Adjusted for gender, age, energy intake and body mass index.

P < .05; **P < .01; ***P < .001; values in bold indicate statistical significance (P < .05)

Results

The main characteristics of the study sample by frailty status are presented in Table 2. A total of 81 (57.0%) participants were female, 93 (65.5%) participants lived in an urban area and 111 (78.2%) participants were overweight. Of the 142 participants, 17 (12.0%) participants were classified as frail, 49 (34.5%) participants were pre-frail and 76 (53.5%) participants were non-frail. The prevalence of pre-frailty and frailty increased with increasing age (P < .001). No significant differences in gender, BMI, area of residence or weight between frailty classes were observed. Compared to those who were non-frail, frail participants had a diet that was higher in meat, milk products, potatoes, fats, sugars, snacks and alcohol, and lower in fish, fruit and vegetables, cereal products and nuts and seeds. However, the Kruskal-Wallis test found these between-group differences to be statistically insignificant (P > .05).

Table 2.

Characteristics of study sample by frailty status (n = 142).

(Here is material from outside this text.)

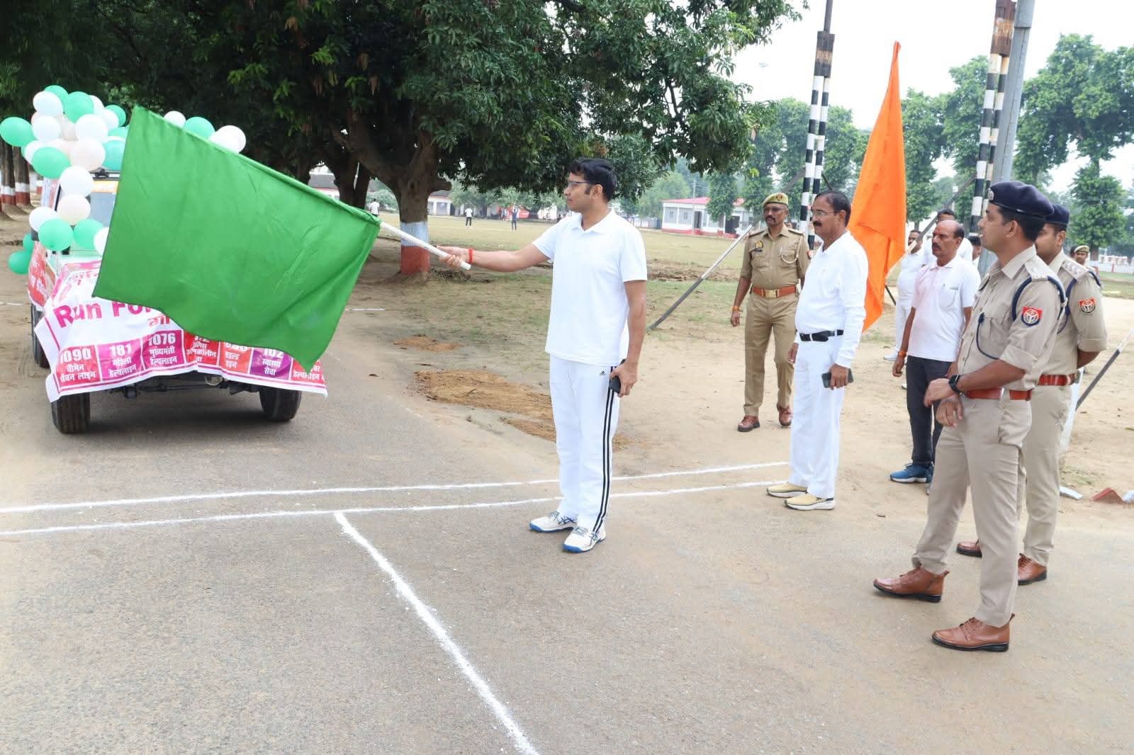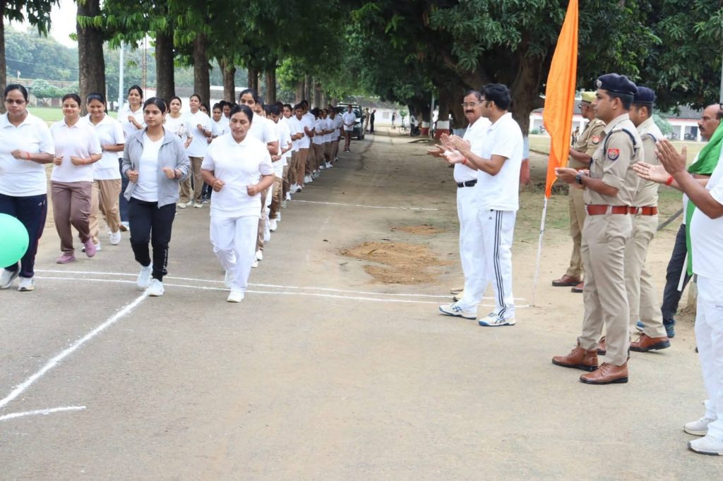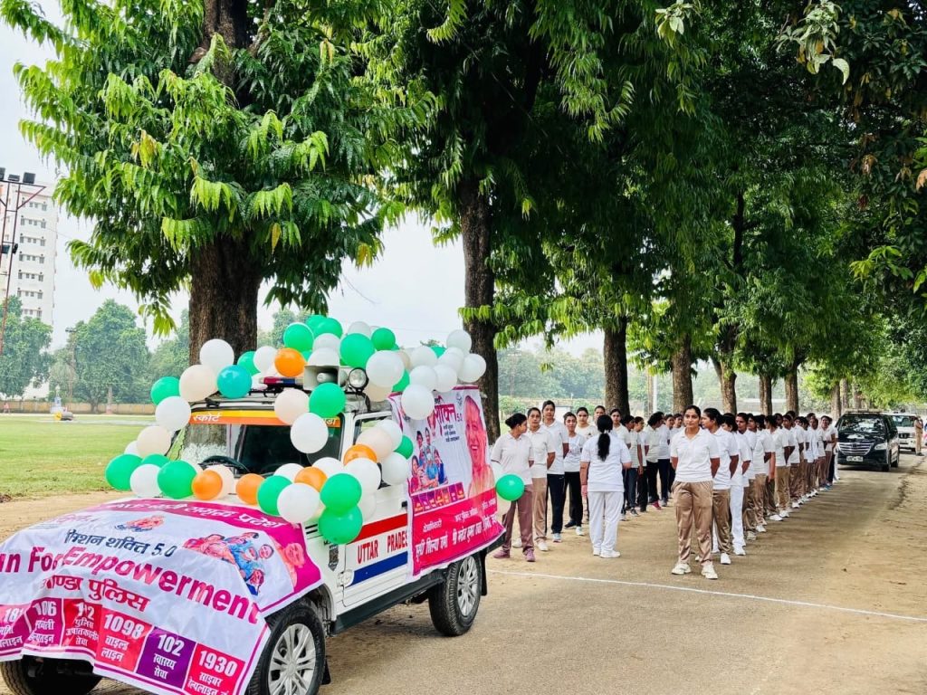 गोण्डा। आज दिनांक 07.10.2025 को पुलिस अधीक्षक गोण्डा श्री विनीत जायसवाल के नेतृत्व में मिशन शक्ति अभियान 5.0 के अंतर्गत “रन फॉर एंपावरमेंट” का आयोजन किया गया, जिसमें गोण्डा पुलिस की मिशन शक्ति टीम की महिला पुलिसकर्मियों ने महिला अधिकारियों के नेतृत्व में उत्साहपूर्वक भाग लिया। पुलिस अधीक्षक महोदय द्वारा हरी झंडी दिखाकर इस दौड़ का शुभारंभ किया गया, जो गोण्डा पुलिस लाइन से प्रारंभ होकर कचहरी, अंबेडकर चौराहा, एनसीसी कार्यालय होते हुए यातायात कार्यालय पर संपन्न हुई। इस दौड़ का उद्देश्य समाज में महिलाओं की सुरक्षा, सम्मान और स्वावलंबन के प्रति जनजागरूकता फैलाना एवं आमजन को मिशन शक्ति अभियान से जोड़ना रहा। माननीय मुख्यमंत्री जी द्वारा 22 सितंबर 2025 को शारदेय नवरात्रि के अवसर पर मिशन शक्ति अभियान के पाँचवें चरण का शुभारंभ किया गया था, जिसके अनुपालन में गोण्डा पुलिस द्वारा निरंतर विविध कार्यक्रम आयोजित किए जा रहे हैं। अभियान के अंतर्गत सभी थानों पर मिशन शक्ति केंद्र स्थापित किए गए हैं,

Characteristics	Total (n = 142)	Non-frail (n = 76)	Pre-frail (n = 49)	Frail (n = 17)
Female sex, n (%)	81 (57.0%)	40 (52.6%)	32 (65.3%)	9 (52.9%)
Age (y, mean ± SD)^***	74.1 ± 6.80	71.7 ± 5.23	75.2 ±7.04	82.1 ± 5.71
Living in urban area n (%)	93 (65.5%)	51 (67.1%)	32 (65.3%)	10 (58.8%)
Weight (kg, mean ± SD)	76.9 ± 14.23	77.3 ± 11.8	75.1 ± 16.09	80.2 ± 18.29
Body Mass Index (kg/m²)	28.8 ± 5.01	28.4 ± 3.71	28.6 ± 6.25	30.7 ± 5.90
Energy intake, kcal/day, median (IQR)	1758.0 (1386.73-2094.31)	1677.8 (1386.73- 2190.86)	1846.0 (1441.42-2097.10)	1767.0 (1585.67-2215.73)
Food group intakes, g/day, median (IQR)
Meat and meat products	92.5 (68.67-124.83)	88.0 (60.42-121.65)	105.4 (73.43-124.79)	112.8 (91.78-150.05)
Fish and fish products	32.1 (16.10-53.73)	32.1 (24.06-66.39)	32.1 (16.10-49.02)	19.3 (12.34-27.23)
Milk and milk products	307.0 (181.24-448.81)	296.6 (168.40-440.68)	347.2 (225.02-449.56)	288.4 (180.62-490.66)
Fruit and vegetables	462.1 (334.81-665.57)	521.3 (411.68-775.60)	407.2 (284.17-543.70)	349.1 (212.45-443.35)
Cereals and cereal products	262.3 (189.53-332.03)	253.2 (177.45-317.09)	275.6 (202.55-349.65)	251.3 (194.03-299.46)
Potatoes	116.4 (71.39-136.97)	106.3 (64.93-127.23)	116.4 (71.39-142.64)	133.8 (125.00-144.35)
Soups and sauces	44.1 (22.48-102.33)	52.3 (23.63-106.13)	39.2 (20.30-103.43)	40.9 (20.30-66.40)
Nuts and seeds	0 (0-4.20)	0 (0-8.70)	0 (0-2.10)	0 (0-0)
Fats and oils	24.0 (13.51-34.60)	20.3 (12.96- 31.80)	25.9 (12.52-36.76)	32.0 (24.22-39.19)
Sugars, preserves and snacks	29.53 (17.78-62.47)	24.7 (14.11-58.99)	29.8 (18.00-63.75)	70.9 (31.00-83.52)
Alcoholic beverages	8.75 (0-56.96)	8.8 (0-57.39)	9.9 (0-56.07)	8.8 (0-23.00)
Non-alcoholic beverages	679.42 (505.67-946.90)	671.0 (514.66-902.38)	693.0 (491.80-965.00)	705.0 (556.70-855.00)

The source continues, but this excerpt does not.